SEOUL -- A state metrology institute has developed a defect detection technology for free curved surface displays, including flexible displays, which would help display makers to detect defects with a single image taken during a manufacturing process.
Flexible displays are now widely used in foldable smartphones, virtual reality headsets, airplanes and spaceships because they can be freely applied onto any curved surface. However, the free curved surface display, which is normally about 0.01 millimeter thick, is easy to break because of defects.
The Korea Research Institute of Standards and Science (KRISS) said in a statement on Thursday that its research team has developed an automated real-time three-dimensional detection technology capable of automatically detecting defects in displays during the manufacturing process.

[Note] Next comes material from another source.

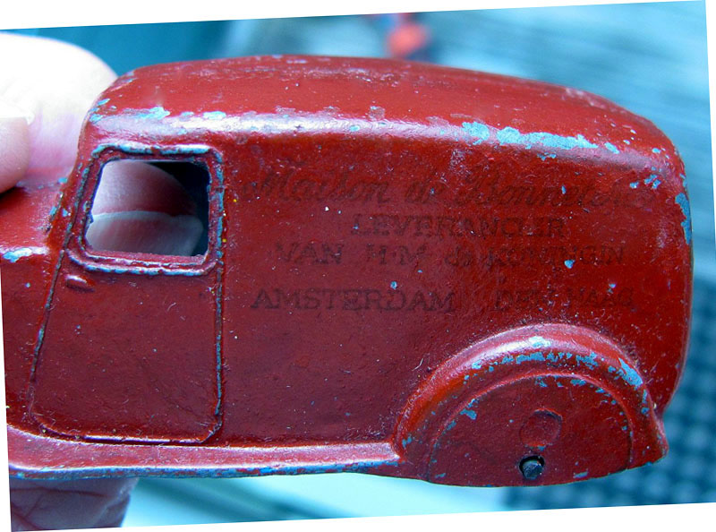 An other Maison de Bonneterie uncovered in New Zealand. Unfortunately the transfers have gone but the text remains visible with the right light. This van seems to be original. Note that like the 29b Streamlined bus, the 60e Dewoitine 500, all the type two 28 vans and certainly several others, there is an ejector mark on the rear wheel cover.' Here is the other side of this rare issue:

"We have upgraded the technology to materialize it to an automated and modulated device," KRISS' senior researcher Kim Yong-sik was quoted as saying. He said the modulated defect detecting device can be utilized as a key test device in industrial sectors.
Conventional defect detection methods required bulky machines and a long time to find defects. It was almost impossible to detect defects in displays which are too thin or curved. KRISS' technology made the defect detecting process simple by using a special algorithm that decides whether a display panel has defects by looking for tiny dents and scratches and analyzing the image of a display laid over a lattice pattern.
The detecting device can carry out tests on display panels regardless of size and shape, KRISS said. The global flexible display market is growing an annual average of about 34 percent and it is expected to reach $15.6 billion, according to global market research company Statistica.